Essen. . Fußball und Politik begegnen sich irgendwie immer wieder. Aber gilt immer noch: Wie die Politik, so der Fußball? Die deutsche Elf hat sich von vielen Klischees über ihr Spiel lösen können. Ein Kommentar von Reinhard Schüssler.

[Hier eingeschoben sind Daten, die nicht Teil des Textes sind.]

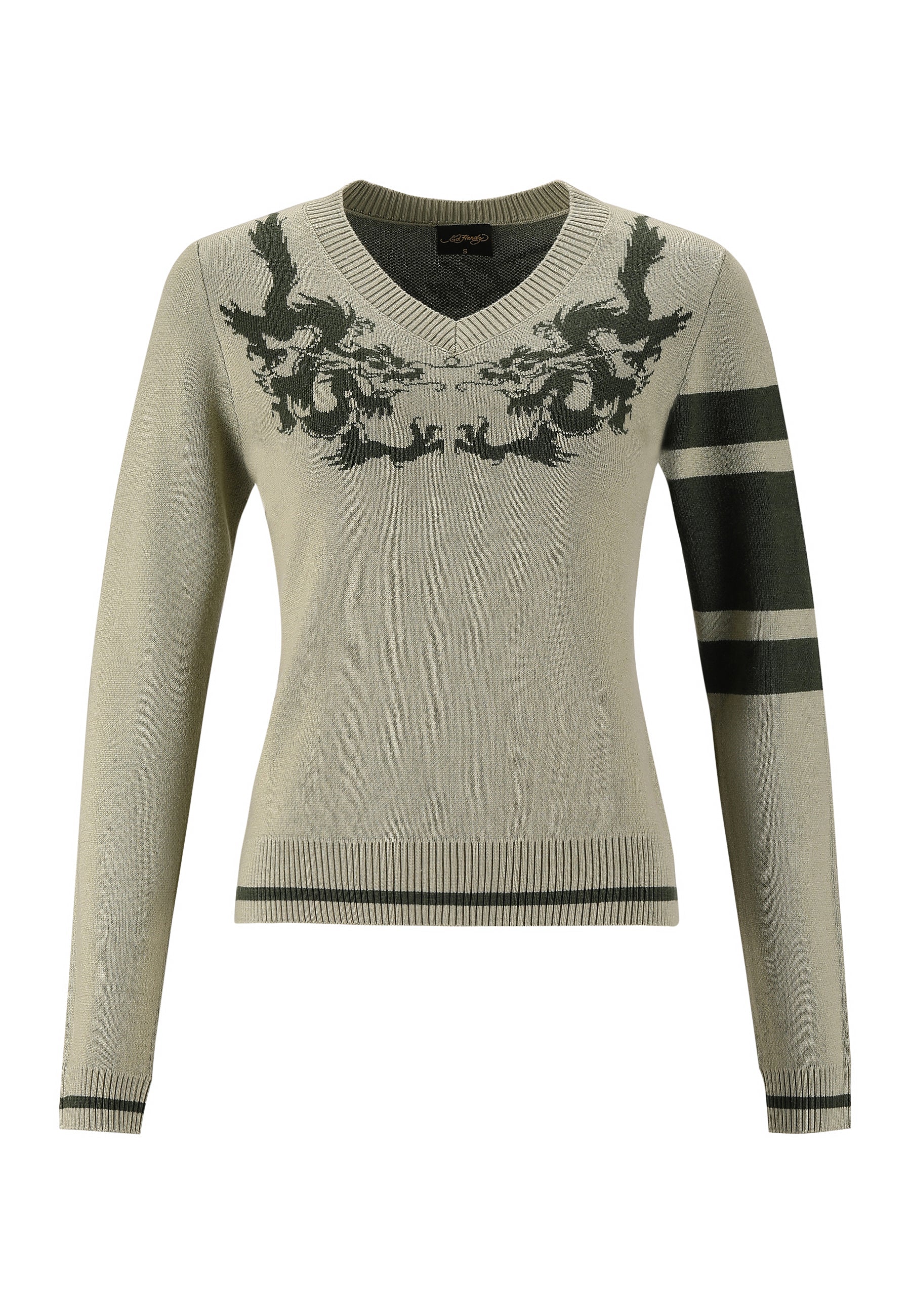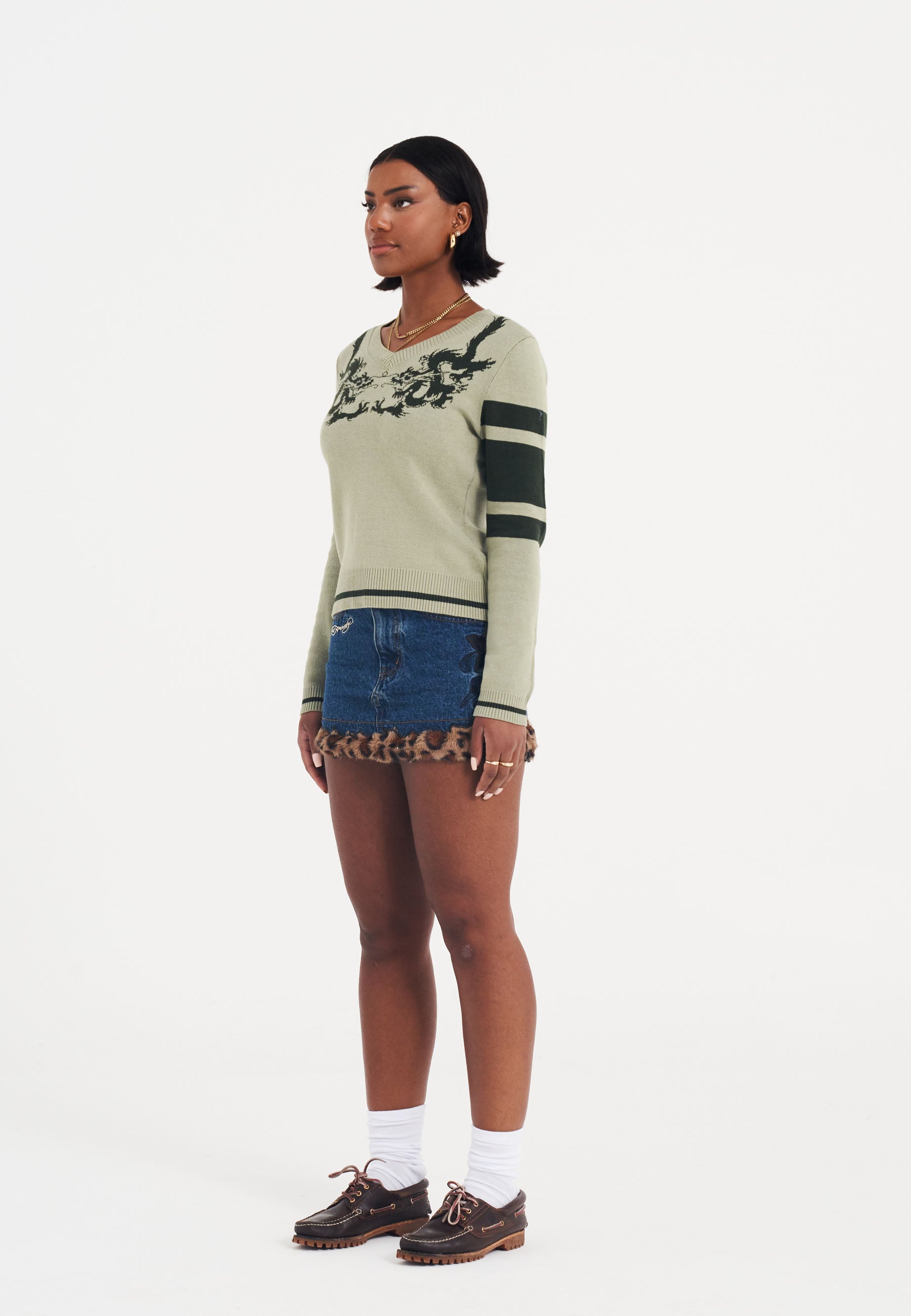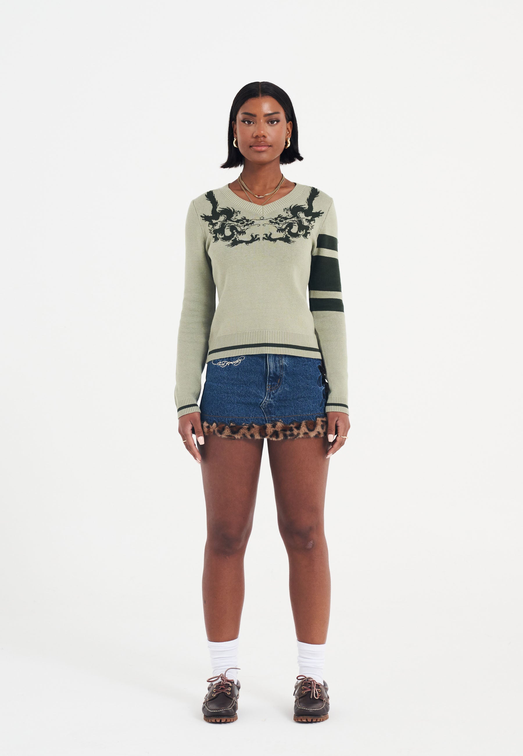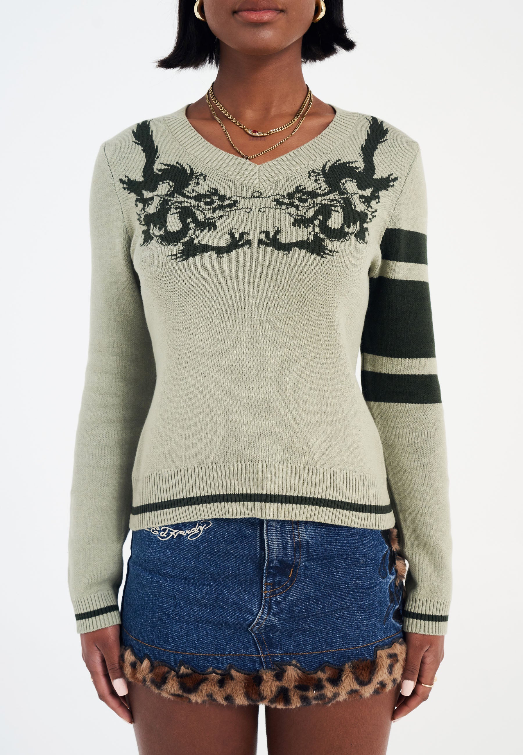 Womens Dancing Dragon V Neck Knitted Jumper - Green
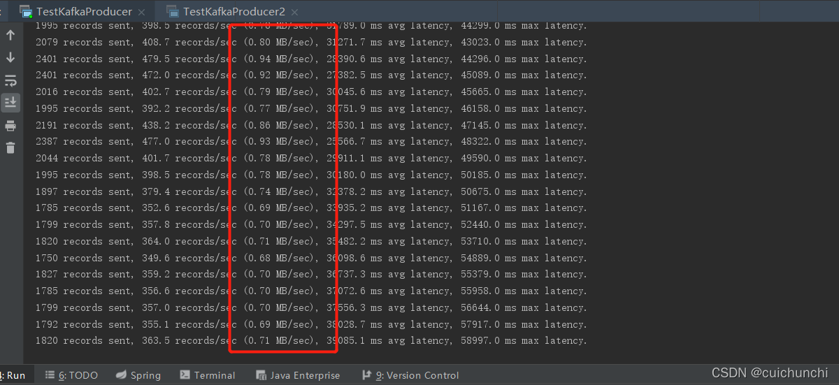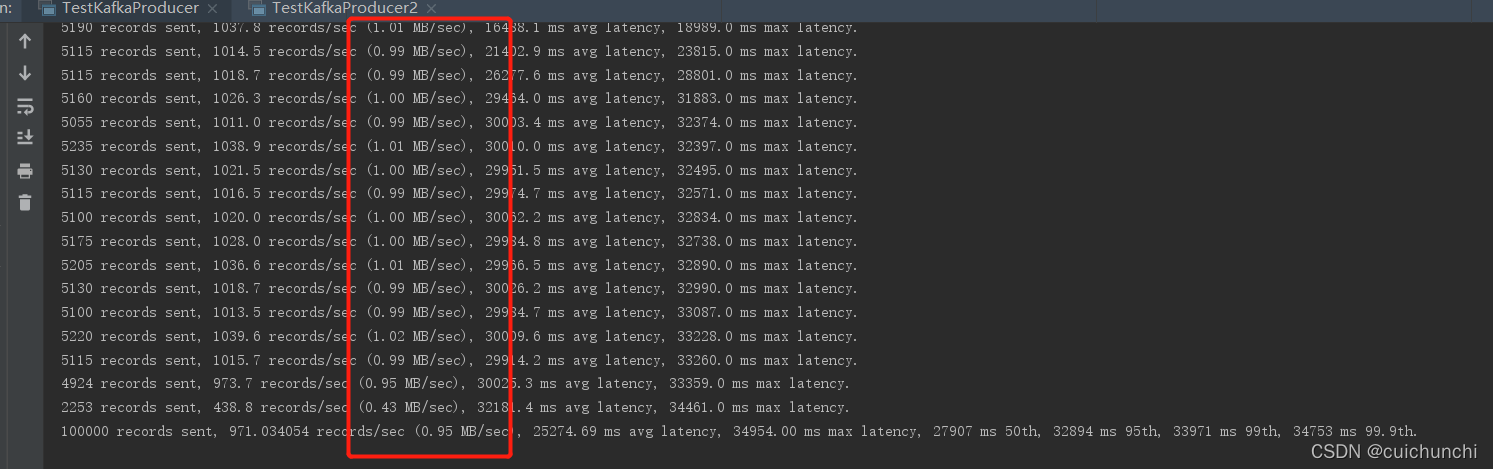 System.out.printf("%d records sent, %.1f records/sec (%.2f MB/sec), %.1f ms avg latency, %.1f ms max latency.%n",

Im Vorfeld der Fußball-Europameisterschaft war viel von Politik die Rede. Die wenigsten dürften aber mit dieser Entwicklung gerechnet haben: Die seit längerem anhaltende Auseinandersetzung zwischen Griechenland und Deutschland verlagert sich kurzfristig von der EU auf die EM. Schon kündigten euphorisierte Hellas-Fans vor dem Viertelfinale an: „Wir werden den Deutschen zeigen, dass sie zwar mehr Geld, wir aber das bessere Team haben.“
Nun ja. Wer aber die strahlenden Gesichter der auf den Straßen Athens tanzenden Menschen sah, bekam zumindest eine Ahnung davon, welche politische Kraft in einem Ball steckt, der fast die ganze Weltkugel bewegt. Wobei die Fußball-Begeisterung natürlich nicht nur in eine Richtung ausschlägt.
So erleichtert Griechenlands Regierung sein wird, dass ihre Landsleute von ihren größten Sorgen abgelenkt sind, so wenig amüsiert wird Russlands Präsident Wladimir Putin über das Vorrunden-Aus seiner Nationalmannschaft sein. Nicht umsonst hatte der Kreml-Chef Tausenden von Fußball-Anhängern die kostenlose Anreise ermöglicht. Die Rechnung, über den Fußball eine bessere Stimmung im Land zu erzeugen, ging jedoch nicht auf.
Wirkung der Ball-Botschafter ist enorm
Auch in Deutschland hat noch jeder Regierungschef versucht, die Popularität des Fußballs auszunutzen. Spürbare politische Wirkung erzielte jedoch nur ein deutscher Triumph: das „Wunder von Bern“. Indem sie dem unter den Folgen des Zweiten Weltkrieges leidenden Volk das „Wir- sind- wieder-wer“-Gefühl vermittelten, zählte die Herberger-Elf 1954 zu den Motoren des Wirtschaftswunders.
Da kann die Löw-Elf spielen und siegen, wie sie will - ein solcher Stellenwert ist für sie unerreichbar. Was nicht gegen die Fußballer, sondern für die Entwicklung in unserem Land spricht. Gleichwohl ist die (Außen-)Wirkung, die Deutschlands Ball-Botschafter erzielen, nicht gering zu schätzen. Wie sich spätestens beim Sommermärchen 2006 zeigte, als die Welt sowohl über den unverkrampften Umgang mit nationalen Symbolen als auch über die Spielweise der einheimischen Mannschaft staunte.
Im Fußball hatten sich die Deutschen zwar über Jahre weltweiten Respekt verschafft, mit ihrer wenig filigranen Spielweise gleichzeitig aber vorhandene Vorurteile gegenüber „teutonischen Tugenden“ verstärkt. Inzwischen löst der Stil des Löw-Teams weniger Furcht vor deutscher Effektivität aus, eher schon Verzückung über ein attraktives Spiel.